● Work request
What is needed is an exact copy of the lines from the one containing "Черная чугунная печь" through the last line of the records, with no pictures.

---------- Data in this exercise

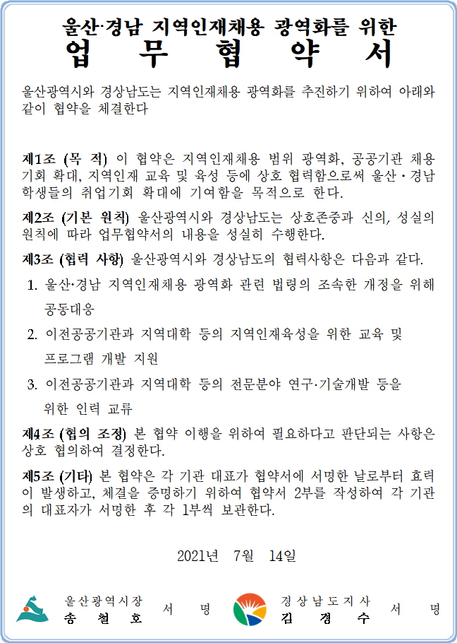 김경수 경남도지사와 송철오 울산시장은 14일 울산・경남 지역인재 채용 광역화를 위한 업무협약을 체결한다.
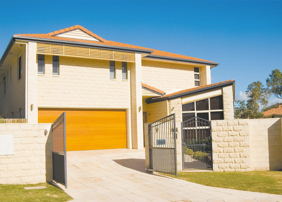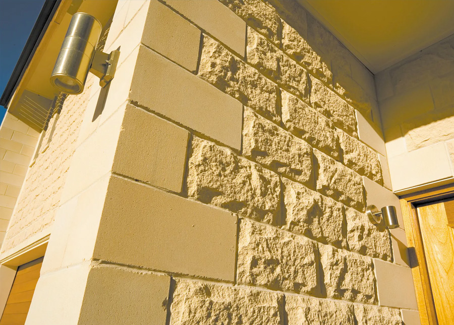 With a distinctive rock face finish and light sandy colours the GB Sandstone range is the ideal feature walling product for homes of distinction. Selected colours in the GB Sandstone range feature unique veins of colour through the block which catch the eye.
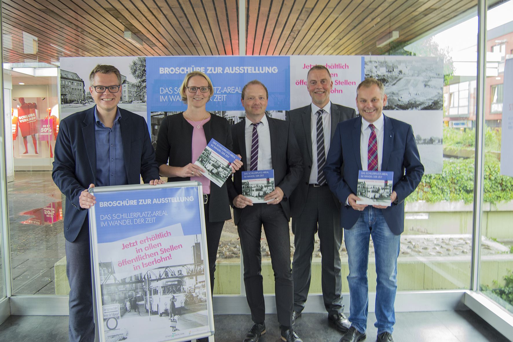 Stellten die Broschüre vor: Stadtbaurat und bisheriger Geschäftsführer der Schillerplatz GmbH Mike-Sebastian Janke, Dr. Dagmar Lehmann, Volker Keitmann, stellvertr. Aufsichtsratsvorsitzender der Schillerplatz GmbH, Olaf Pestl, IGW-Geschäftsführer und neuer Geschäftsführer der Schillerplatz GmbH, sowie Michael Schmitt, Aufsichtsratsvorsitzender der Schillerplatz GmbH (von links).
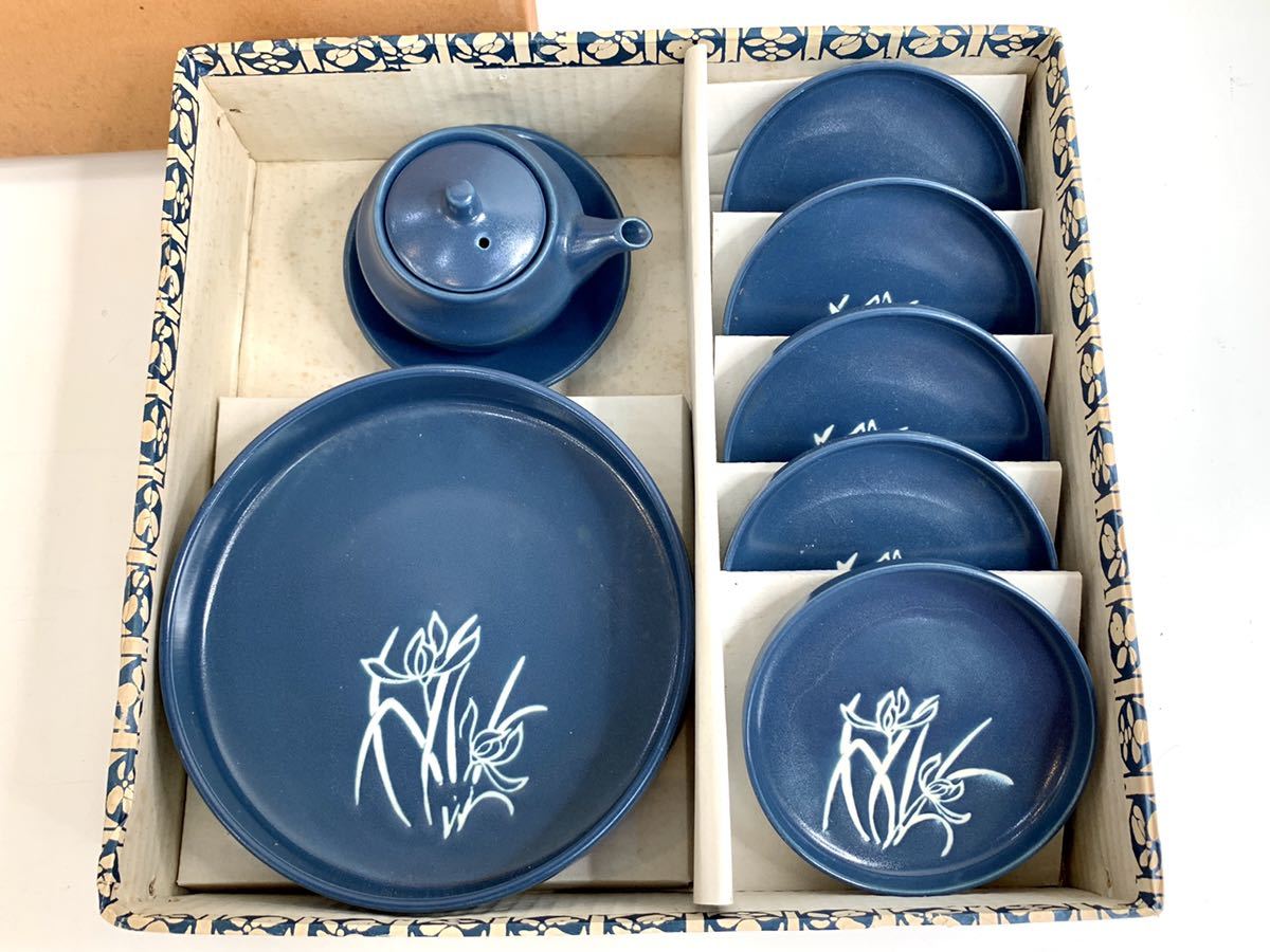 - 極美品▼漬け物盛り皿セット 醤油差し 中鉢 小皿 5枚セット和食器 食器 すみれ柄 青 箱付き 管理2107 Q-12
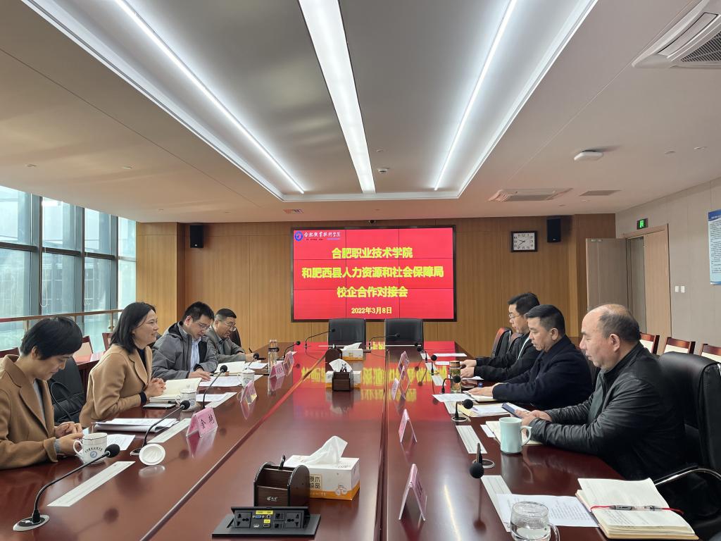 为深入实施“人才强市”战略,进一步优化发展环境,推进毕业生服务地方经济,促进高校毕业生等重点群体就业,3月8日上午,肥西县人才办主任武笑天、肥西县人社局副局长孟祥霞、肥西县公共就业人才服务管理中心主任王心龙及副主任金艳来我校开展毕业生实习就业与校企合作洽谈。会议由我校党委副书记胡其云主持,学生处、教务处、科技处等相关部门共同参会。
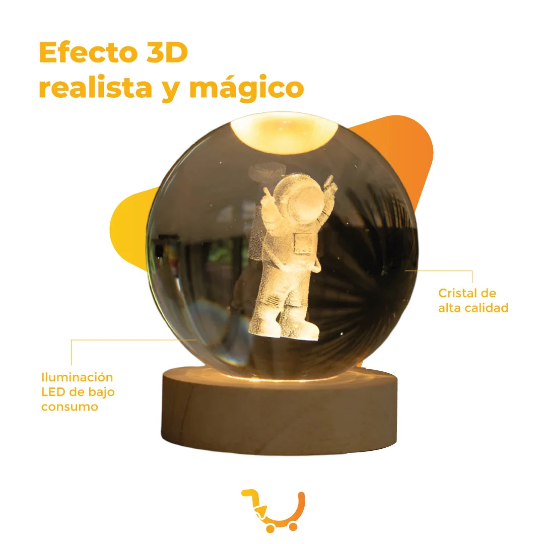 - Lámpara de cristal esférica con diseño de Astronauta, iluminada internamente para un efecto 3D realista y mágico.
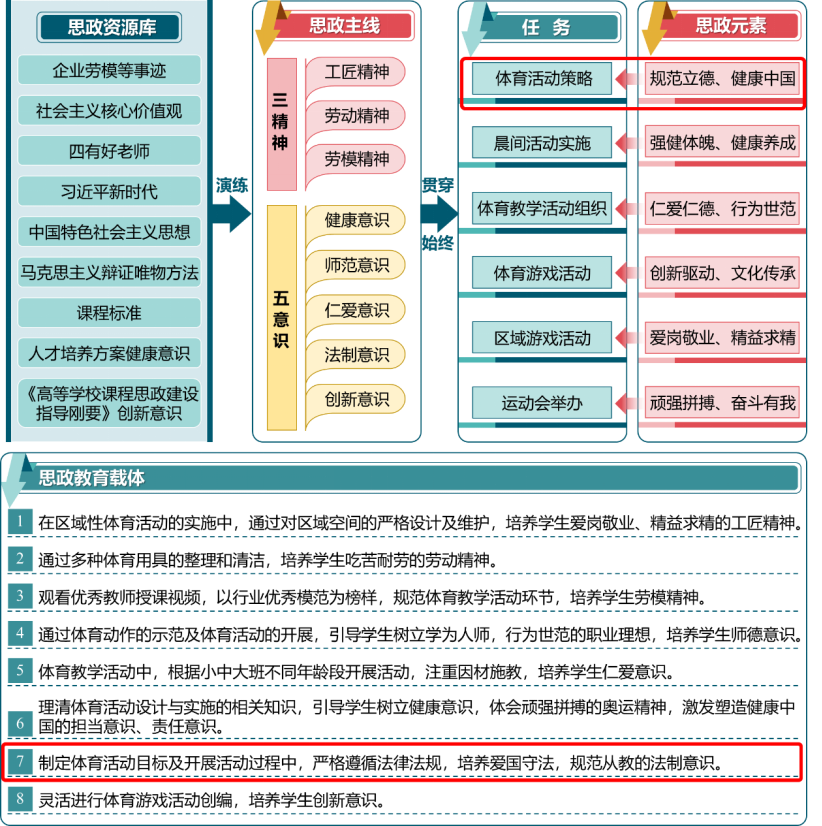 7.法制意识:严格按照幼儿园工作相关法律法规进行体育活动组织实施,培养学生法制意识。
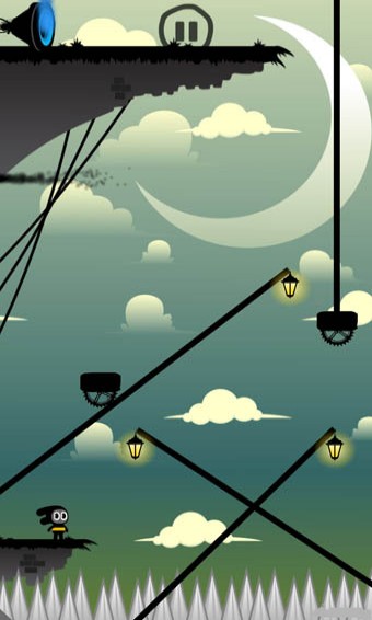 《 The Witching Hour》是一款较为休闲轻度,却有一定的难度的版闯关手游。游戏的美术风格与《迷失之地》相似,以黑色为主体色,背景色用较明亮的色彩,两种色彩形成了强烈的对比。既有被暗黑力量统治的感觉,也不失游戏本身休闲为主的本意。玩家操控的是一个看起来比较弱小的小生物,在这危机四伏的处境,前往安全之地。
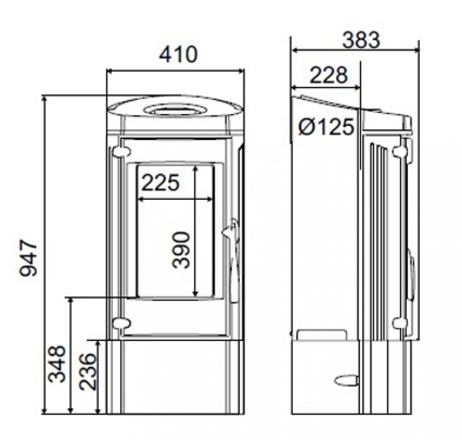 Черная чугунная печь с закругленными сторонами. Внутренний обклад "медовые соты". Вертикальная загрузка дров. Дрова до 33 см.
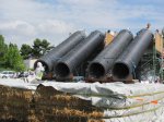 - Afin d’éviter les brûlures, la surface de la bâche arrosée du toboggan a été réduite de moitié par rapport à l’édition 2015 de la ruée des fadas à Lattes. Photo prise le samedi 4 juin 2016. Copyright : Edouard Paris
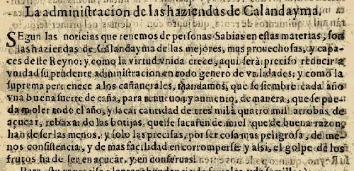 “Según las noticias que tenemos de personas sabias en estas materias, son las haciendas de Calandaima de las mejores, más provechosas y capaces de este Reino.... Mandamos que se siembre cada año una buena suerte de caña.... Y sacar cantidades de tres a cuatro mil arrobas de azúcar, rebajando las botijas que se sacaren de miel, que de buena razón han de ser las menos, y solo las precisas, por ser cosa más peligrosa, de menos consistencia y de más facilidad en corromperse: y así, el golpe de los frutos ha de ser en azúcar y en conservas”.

--------------------

● Response to the task
 Черная чугунная печь с закругленными сторонами. Внутренний обклад "медовые соты". Вертикальная загрузка дров. Дрова до 33 см.
 - Afin d’éviter les brûlures, la surface de la bâche arrosée du toboggan a été réduite de moitié par rapport à l’édition 2015 de la ruée des fadas à Lattes. Photo prise le samedi 4 juin 2016. Copyright : Edouard Paris
 “Según las noticias que tenemos de personas sabias en estas materias, son las haciendas de Calandaima de las mejores, más provechosas y capaces de este Reino.... Mandamos que se siembre cada año una buena suerte de caña.... Y sacar cantidades de tres a cuatro mil arrobas de azúcar, rebajando las botijas que se sacaren de miel, que de buena razón han de ser las menos, y solo las precisas, por ser cosa más peligrosa, de menos consistencia y de más facilidad en corromperse: y así, el golpe de los frutos ha de ser en azúcar y en conservas”.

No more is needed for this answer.